The reason why I chose the Richland Campus is because it was the closest campus to where I used to live. But now, it’s just home. I can’t leave it. The people here are so amazing. If I have to stay here an extra semester to get a certain class done at this campus, I’m going to stay here to get it done because the people here are like family to me.
I have two and a half semesters left until I graduate, and I won’t stop there.
What legacy do you want to leave?
I want to be bigger than Tupac, Malcolm X and Martin Luther King. I want to be remembered for loving people and making them laugh and smile. It’s not about me anymore. When I was younger, I was very selfish. Life is more than just ourselves. It’s about love and community. It’s about sacrificing your life for someone else. When I leave this world, I want to be remembered for the love and help that I gave to others. Telling people that it’s not about where you started but how you end. At the end of my journey, I want to be able to say that I changed the world. And not with money but with my time. You can get money over and over again but the time you have in life is limited. So, you have to cherish every moment and opportunity.
If I could change the world, I would change it by making food and shelter affordable and accessible to all. I want to make a change for young adults, teens, and adolescents who feel like people gave up on them. I would also like to work with kids who feel like they don’t have anyone, foster kids, and kids raised by single parents.
What does graduating as a first-gen student mean to you?
When I graduate, I’ll probably just cry for myself because I knew what my journey looked like when I first started. With being the first in my family for many things, not just the first to go to college, I know the pressure that comes with it. I’ve been called a dummy before and so was my mom, so I understand the frustration that comes with not feeling educated. I made a promise with my mom about finishing school, and I’m big on keeping my word.

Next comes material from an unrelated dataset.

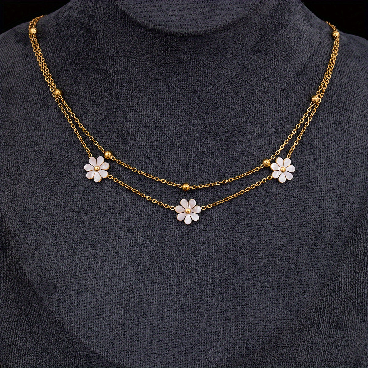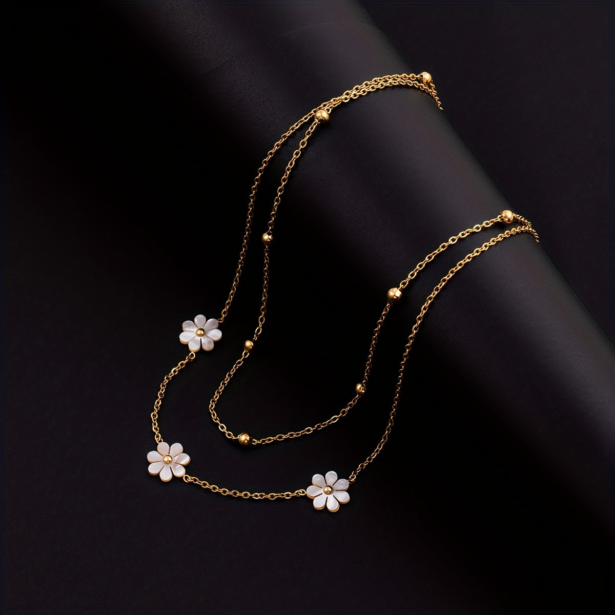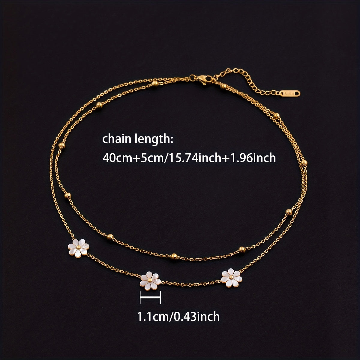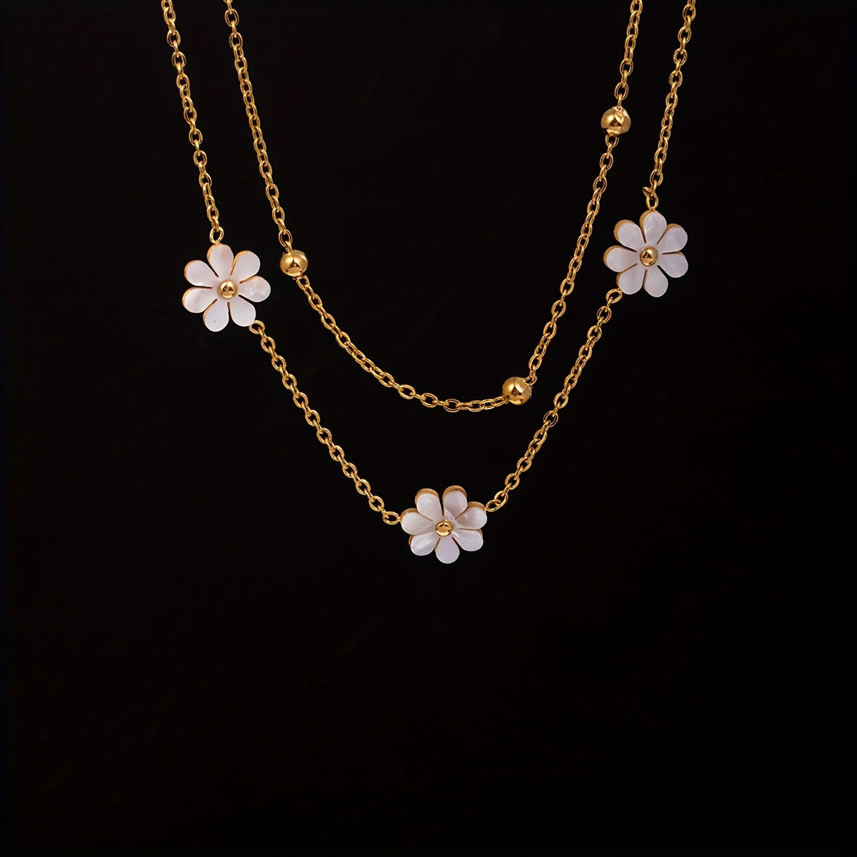 This necklace features a boho style design with flowers and shells, made of golden stainless steel. It is double-layered and the pendant chain is adjustable, making it a versatile accessory for both men and women.

Everything that I’m doing now is to better myself. I have more direction and structure in my life.
Tell us about a time when you felt courageous at Dallas College.
During my first semester of school, I was still heavy on the streets. I always struggled with reading and writing and during that time, I was taking English 1301. I was worried about being embarrassed if they called on me to read. But my professors, Christopher and Kevin, were really cool and explained a lot to me. They took their time. They made my experience at Dallas College amazing. They are the reason why I didn’t drop out. Any time I think about dropping out or if life is too hard and school is too hard, I think about those guys and Kimberly with the student care team who has helped me.
But in my English class, I learned I was a good writer, which shocked me. That class helped make me who I am today.
What are you passionate about?
I’m passionate about life. Loving, laughing, praying, making a change and giving back to those who are less fortunate. I love to cook and make people smile. I write music and poetry to express my thoughts from time to time. I’m passionate about breaking generational cycles, helping others who have been through traumatic experiences like myself and cooking for the homeless or less fortunate. I desire to evolve into the greatest me that Allah will allow me to see, while getting closer to faith and my religion, Islam. I want to make a change for young adults, teens, and adolescents who feel like people gave up on them. Kids who don’t have anyone like foster kids and kids raised by single parents. I have learned a lot through the decisions that I have made: good and bad. I feel that my life lessons will enable me to provide support to others and assist them with the foundation that they need to be their best self. I will be great and make a change.